* What you have to do *
With the pictures set aside, write out all of the data exactly as it stands.

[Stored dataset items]
== Segment start ==

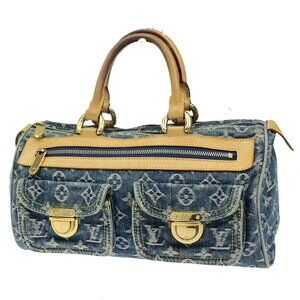 LOUIS VUITTON Neo Speedy Hand Bag Monogram Denim Leather Blue
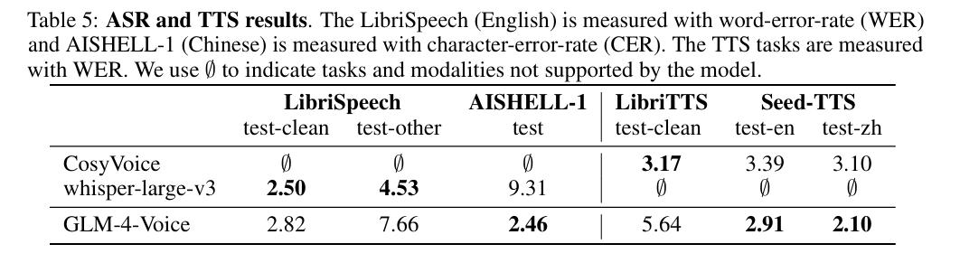 在 ASR 和 TTS 任务中,GLM-4-Voice 的性能也同样接近或超越专门设计的语音处理模型。
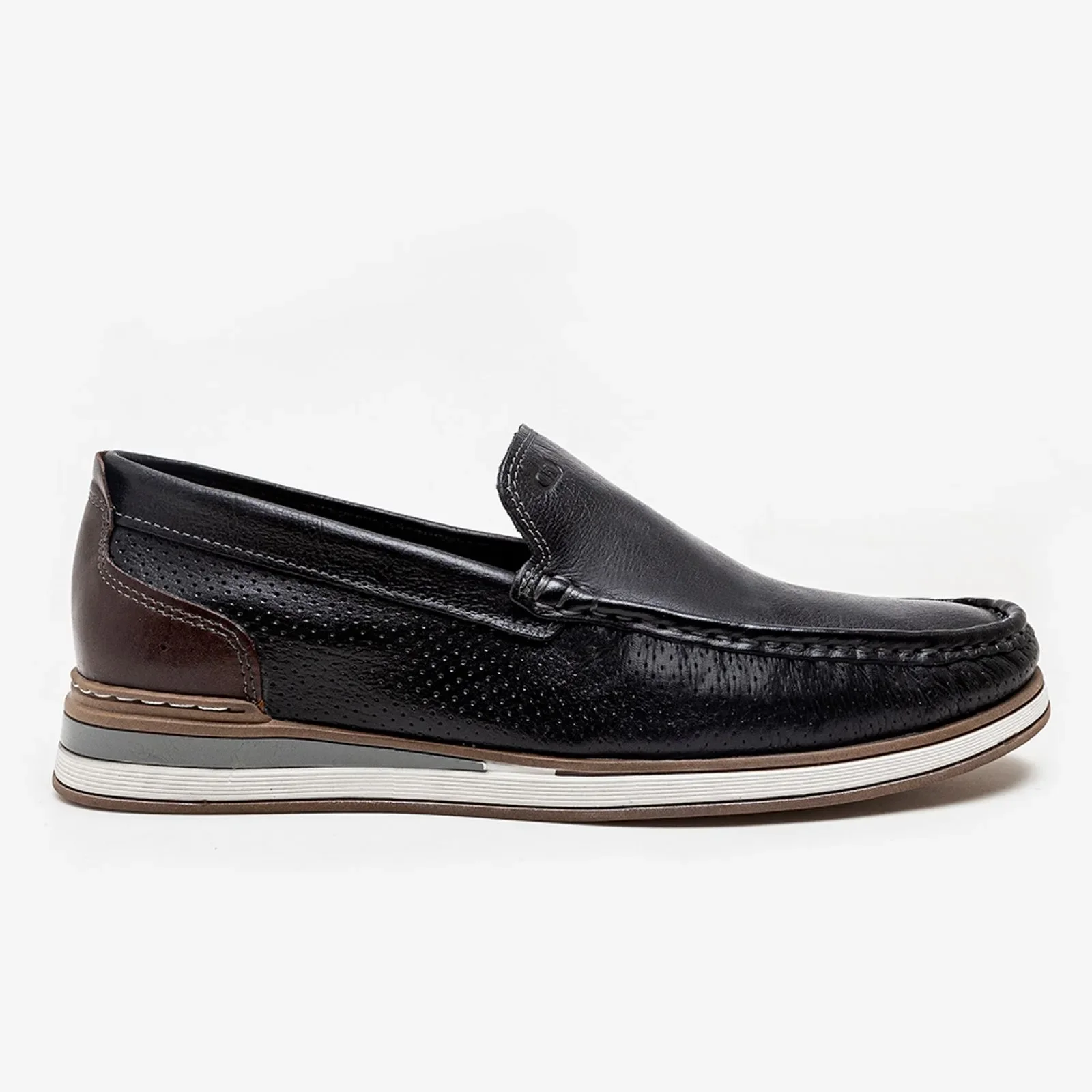 Mocassim Masculino Couro Democrata Denin Flow 252101-001 Preto/Tabaco
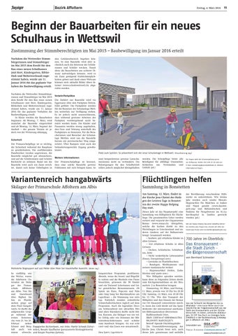 Beginn der Bauarbeiten für ein neues Schulhaus in Wettswil Zustimmung der Stimmberechtigten im Mai 2015 – Baubewilligung im Januar 2016 erteilt Nachdem die Wettswiler Stimmbürgerinnen und Stimmbürger im Mai 2015 dem Kredit für den Bau eines neuen Schulhauses (mit Hort, Kindergarten, Bibliothek und Mehrzwecksaal) zugestimmt haben, wurde am 11. Januar 2016 für das geplante Vorhaben die Baubewilligung erteilt. Nachdem die Wettswiler Stimmbürgerinnen und Stimmbürger im Mai 2015 dem Kredit für den Bau eines neuen Schulhauses (mit Hort, Kindergarten, Bibliothek und Mehrzwecksaal) zugestimmt haben, wurde am 11. Januar 2016 für das geplante Vorhaben die Baubewilligung erteilt. In Kürze werden die Bauarbeiten beginnen: Ab Montag, 7. März, wird zunächst die Baustelle eingerichtet und ab Montag, 14. März, beginnt der Aushub – der genaue Termin ist jedoch von der Witterung abhängig.
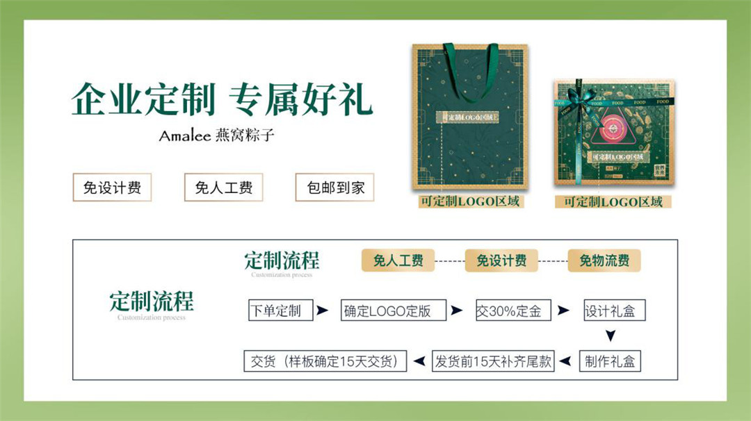 针对企业团购、客户答谢、员工关怀等场景,品牌提供一站式定制服务,支持 LOGO 印制与专属方案定制,100 盒起订,免设计费、免人工费、包邮到家,让端午礼成为企业品牌传播的载体。物流方面采用顺丰速运一件代发,确保产品新鲜直达,高效省心。
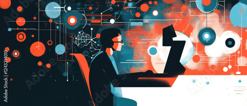 © Cathynew, Obraz premium Data scientist coding with machine learning algorithms, using technology and data visualization. scene conveys sense of innovation and analytical thinking
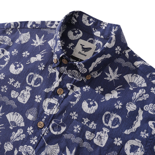 Men's Hawaiian Shirt Kyoto Memories By House of Haricot Cotton Button-down Short Sleeve Aloha Shirt
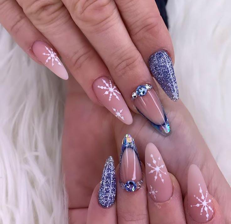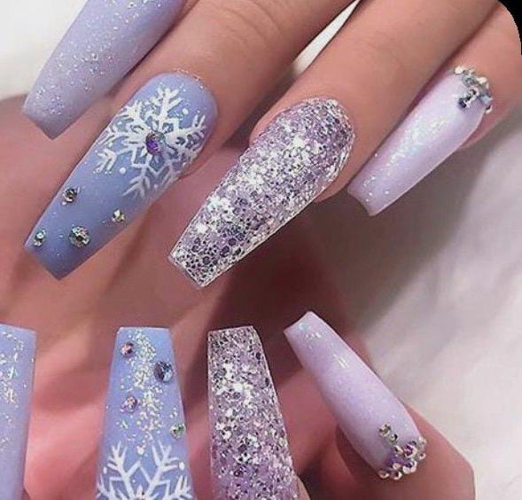 This design blends soft lavender tones with bold silver glitter and delicate snowflakes, giving the nails a frosty, glamorous winter look. The added rhinestones enhance the sparkly, ice-queen vibe perfect for January.
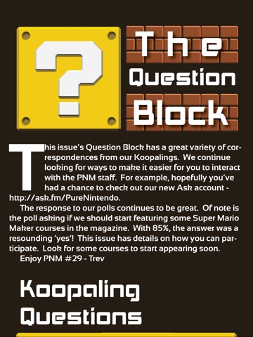 Pure Nintendo has some great Nintendo news and behind-the-scenes interviews with developers and studios. Articles you wont find everywhere, which in the dying print world is a must. The app itself is bright, clear, and aesthetically pleasing to look at. Pages flow smoothly and there are interactive sections that make it delightful to read. As opposed to a plain PDF of the issue. I would recommend this app to anyone that misses Nintendo Power, especially since the new issues are being made available quicker in app.
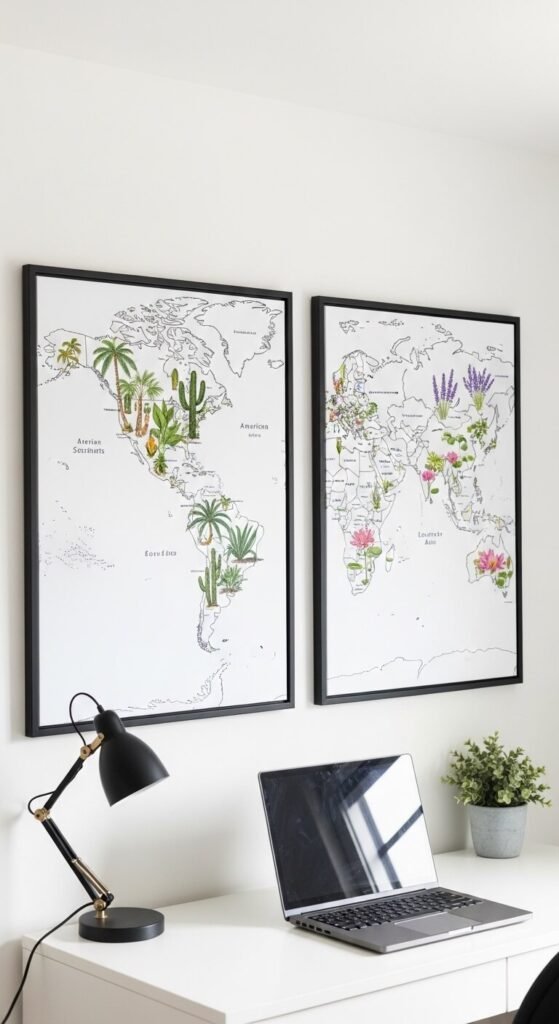 Botanical habitat maps combine geography and botanical illustration in a single print — showing where specific plant families originate across the world. These prints work well in home offices, studies, and children’s rooms where the educational quality adds value. Many illustrated plant world maps are available as digital downloads for $5–$12. Larger printed versions — 24×36 inches — make a strong statement on a study or library wall. This is a botanical print with a specific point of view: it tells a story about where plants come from rather than simply depicting them. That context makes these prints more interesting the longer you look at them.
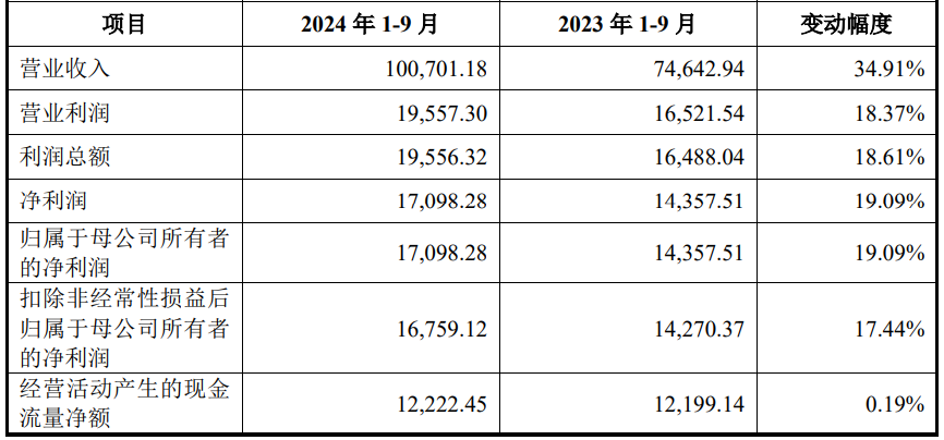 2024年1-9月,博苑股份实现营业收入100,701.18万元,变动幅度34.91%;净利润/归属于母公司所有者的净利润为17,098.28万元,变动幅度19.09%;扣除非经常性损益后归属于母公司所有者的净利润为16,759.12万元,变动幅度17.44%;经营活动产生的现金流量净额为12,222.45万元,变动幅度0.19%。

== Segment end ==

* Exercise answer *
 LOUIS VUITTON Neo Speedy Hand Bag Monogram Denim Leather Blue
 在 ASR 和 TTS 任务中,GLM-4-Voice 的性能也同样接近或超越专门设计的语音处理模型。
 Mocassim Masculino Couro Democrata Denin Flow 252101-001 Preto/Tabaco
 Beginn der Bauarbeiten für ein neues Schulhaus in Wettswil Zustimmung der Stimmberechtigten im Mai 2015 – Baubewilligung im Januar 2016 erteilt Nachdem die Wettswiler Stimmbürgerinnen und Stimmbürger im Mai 2015 dem Kredit für den Bau eines neuen Schulhauses (mit Hort, Kindergarten, Bibliothek und Mehrzwecksaal) zugestimmt haben, wurde am 11. Januar 2016 für das geplante Vorhaben die Baubewilligung erteilt. Nachdem die Wettswiler Stimmbürgerinnen und Stimmbürger im Mai 2015 dem Kredit für den Bau eines neuen Schulhauses (mit Hort, Kindergarten, Bibliothek und Mehrzwecksaal) zugestimmt haben, wurde am 11. Januar 2016 für das geplante Vorhaben die Baubewilligung erteilt. In Kürze werden die Bauarbeiten beginnen: Ab Montag, 7. März, wird zunächst die Baustelle eingerichtet und ab Montag, 14. März, beginnt der Aushub – der genaue Termin ist jedoch von der Witterung abhängig.
 针对企业团购、客户答谢、员工关怀等场景,品牌提供一站式定制服务,支持 LOGO 印制与专属方案定制,100 盒起订,免设计费、免人工费、包邮到家,让端午礼成为企业品牌传播的载体。物流方面采用顺丰速运一件代发,确保产品新鲜直达,高效省心。
 © Cathynew, Obraz premium Data scientist coding with machine learning algorithms, using technology and data visualization. scene conveys sense of innovation and analytical thinking
 Men's Hawaiian Shirt Kyoto Memories By House of Haricot Cotton Button-down Short Sleeve Aloha Shirt
 This design blends soft lavender tones with bold silver glitter and delicate snowflakes, giving the nails a frosty, glamorous winter look. The added rhinestones enhance the sparkly, ice-queen vibe perfect for January.
 Pure Nintendo has some great Nintendo news and behind-the-scenes interviews with developers and studios. Articles you wont find everywhere, which in the dying print world is a must. The app itself is bright, clear, and aesthetically pleasing to look at. Pages flow smoothly and there are interactive sections that make it delightful to read. As opposed to a plain PDF of the issue. I would recommend this app to anyone that misses Nintendo Power, especially since the new issues are being made available quicker in app.
 Botanical habitat maps combine geography and botanical illustration in a single print — showing where specific plant families originate across the world. These prints work well in home offices, studies, and children’s rooms where the educational quality adds value. Many illustrated plant world maps are available as digital downloads for $5–$12. Larger printed versions — 24×36 inches — make a strong statement on a study or library wall. This is a botanical print with a specific point of view: it tells a story about where plants come from rather than simply depicting them. That context makes these prints more interesting the longer you look at them.
 2024年1-9月,博苑股份实现营业收入100,701.18万元,变动幅度34.91%;净利润/归属于母公司所有者的净利润为17,098.28万元,变动幅度19.09%;扣除非经常性损益后归属于母公司所有者的净利润为16,759.12万元,变动幅度17.44%;经营活动产生的现金流量净额为12,222.45万元,变动幅度0.19%。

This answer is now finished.